In a third aspect, the present invention provides an electronic device comprising: a memory, a processor and a computer program stored on the memory and executable on the processor, the processor implementing the speech synthesis method according to any of the preceding embodiments when executing the program.
In a fourth aspect, the present invention provides a storage medium, where the storage medium includes a computer program, and the computer program controls, when running, an electronic device in which the storage medium is located to execute the speech synthesis method according to any of the foregoing embodiments.
According to the voice synthesis method and device, the electronic device and the storage medium, the synthetic audio is obtained by inputting the logarithmic Mel energy spectrum of the voice data to be processed into the preset voice synthesis model, the synthetic audio can be obtained through the logarithmic Mel energy spectrum, and the problem that the voice synthesis efficiency is low due to the fact that the number of parameters needed by the voice synthesis method in the prior art is large is solved.
Drawings
In order to more clearly illustrate the technical solutions of the embodiments of the present application, the drawings that are required to be used in the embodiments will be briefly described below, it should be understood that the following drawings only illustrate some embodiments of the present application and therefore should not be considered as limiting the scope, and for those skilled in the art, other related drawings can be obtained from the drawings without inventive effort.
Fig. 1 shows a block diagram of a speech synthesis system provided in an embodiment of the present application.
Fig. 2 shows a block diagram of an electronic device according to an embodiment of the present application.
Fig. 3 is a flowchart of a speech synthesis method according to an embodiment of the present application.
Fig. 4 is a block diagram of a speech synthesis apparatus according to an embodiment of the present application.

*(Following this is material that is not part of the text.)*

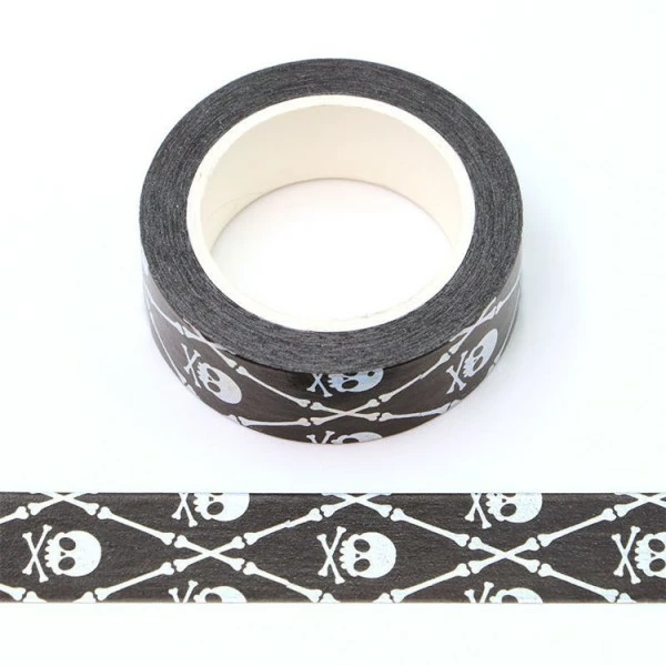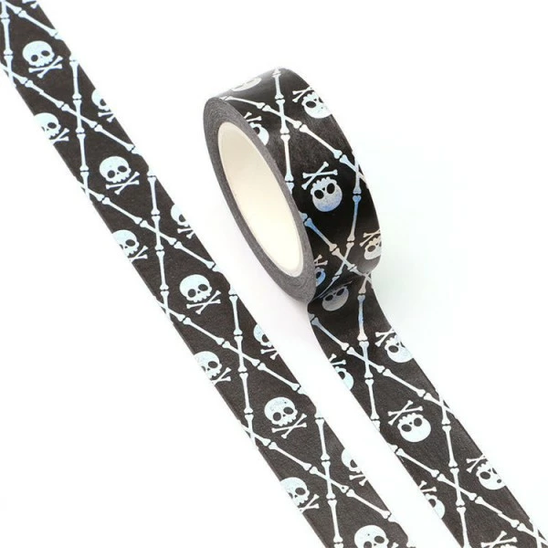 Description de Masking tape métallisé tête de mort Halloween 15mm x 10m

Icon: 10-a speech synthesis system; 100-an electronic device; 110 — a first memory; 120-a first processor; 130-a communication module; 200-a collection device; 400-speech synthesis means; 410-a data acquisition module; 420-speech synthesis module.
Detailed Description
In order to improve at least one of the above technical problems of the present application, embodiments of the present application provide a speech synthesis method and apparatus, an electronic device, and a storage medium, and the following describes technical solutions of the present application through possible implementations.
The defects existing in the above solutions are the results obtained after the inventor has practiced and studied carefully, so the discovery process of the above problems and the solutions proposed by the embodiments of the present application in the following description to the above problems should be the contributions made by the inventor in the invention process.

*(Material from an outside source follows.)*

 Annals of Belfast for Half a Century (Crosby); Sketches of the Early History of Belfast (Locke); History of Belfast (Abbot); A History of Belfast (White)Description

In order to make the objects, technical solutions and advantages of the embodiments of the present application clearer, the technical solutions in the embodiments of the present application will be clearly and completely described below with reference to the drawings in the embodiments of the present application, and it is obvious that the described embodiments are some embodiments of the present application, but not all embodiments. The components of the embodiments of the present application, generally described and illustrated in the figures herein, can be arranged and designed in a wide variety of different configurations.
Thus, the following detailed description of the embodiments of the present application, presented in the accompanying drawings, is not intended to limit the scope of the claimed application, but is merely representative of selected embodiments of the application. All other embodiments, which can be derived by a person skilled in the art from the embodiments given herein without making any creative effort, shall fall within the protection scope of the present application.
It is to be noted that the terms "comprises," "comprising," or any other variation thereof, are intended to cover a non-exclusive inclusion, such that a process, method, article, or apparatus that comprises a list of elements does not include only those elements but may include other elements not expressly listed or inherent to such process, method, article, or apparatus. Without further limitation, an element defined by the phrase "comprising an … …" does not exclude the presence of other identical elements in a process, method, article, or apparatus that comprises the element.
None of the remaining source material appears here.